# Best way to not get caught when exploring?



## jordimussol (Mar 2, 2013)

Buy one of these!

http://www.militarysurvivalclothing.co.uk/1487-vipersecurityjacket-Viper-security-jacket.html

I was at one of their stores today buying some clothes for work (I spend a lot of time outdoors and in wet conditions) and wanted some nice boots and waterproof kit which is rarely available or very expensive back in Spain.


----------



## krela (Mar 2, 2013)

That's all very well, but if you do end up getting collared by real security or the police I doubt they'd be too happy. Could potentially make things more problematic.


----------



## jordimussol (Mar 2, 2013)

krela said:


> That's all very well, but if you do end up getting collared by real security or the police I doubt they'd be too happy.
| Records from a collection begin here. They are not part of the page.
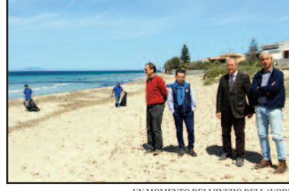
UN MOMENTO DELL'INIZIO DEI LAVORI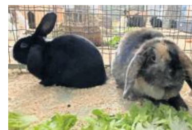
Nicky und Krümel suchen gemeinsam ein neues Gehege.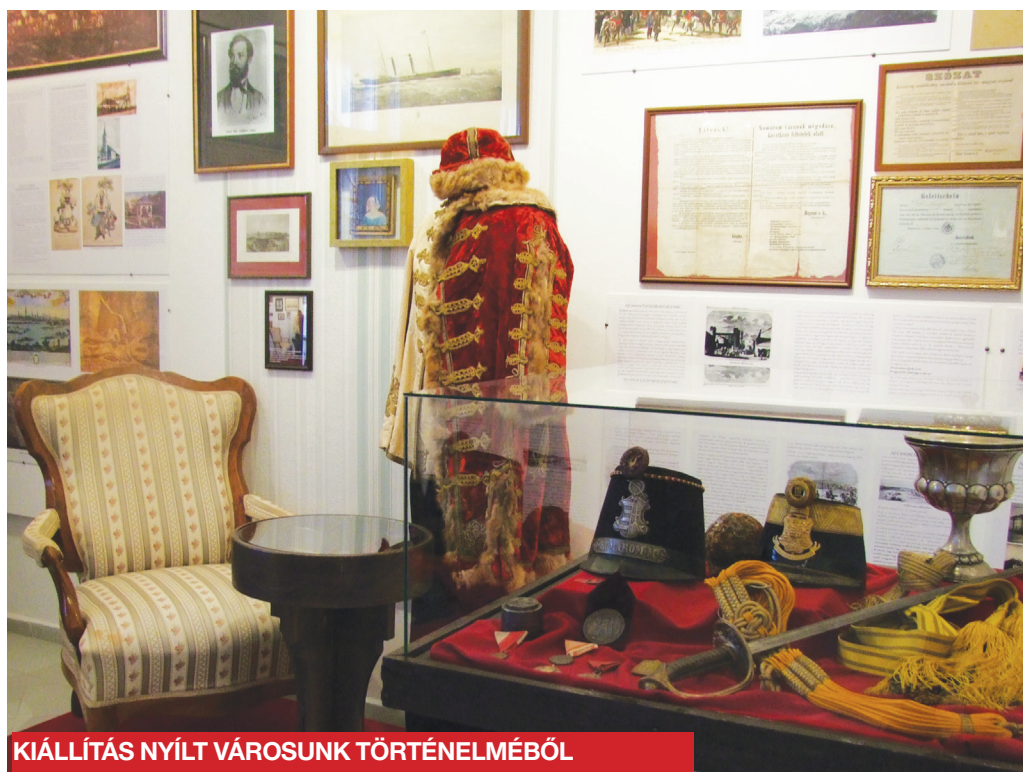
KIÁLLÍTÁS NYÍLT VÁROSUNK TÖRTÉNELMÉBŐL

Együttműködő partner: Magyar Tengerészek Egyesülete

Could potentially make things more problematic.



Obviously joking as the first thing to obviate is that all security personnel would know each other.


----------



## krela (Mar 2, 2013)

I've always thought good old high vis is the best bet, no-one questions hi-vis, ever. Even if you do get caught no-one would question why you're wearing it.


----------



## Solid State (Mar 2, 2013)

Hi viz, hard hat, clipboard and look like you are supposed to be there!


----------



## UEP-Wales (Mar 2, 2013)

A pointless thread really so I'm going to close it sorry.


----------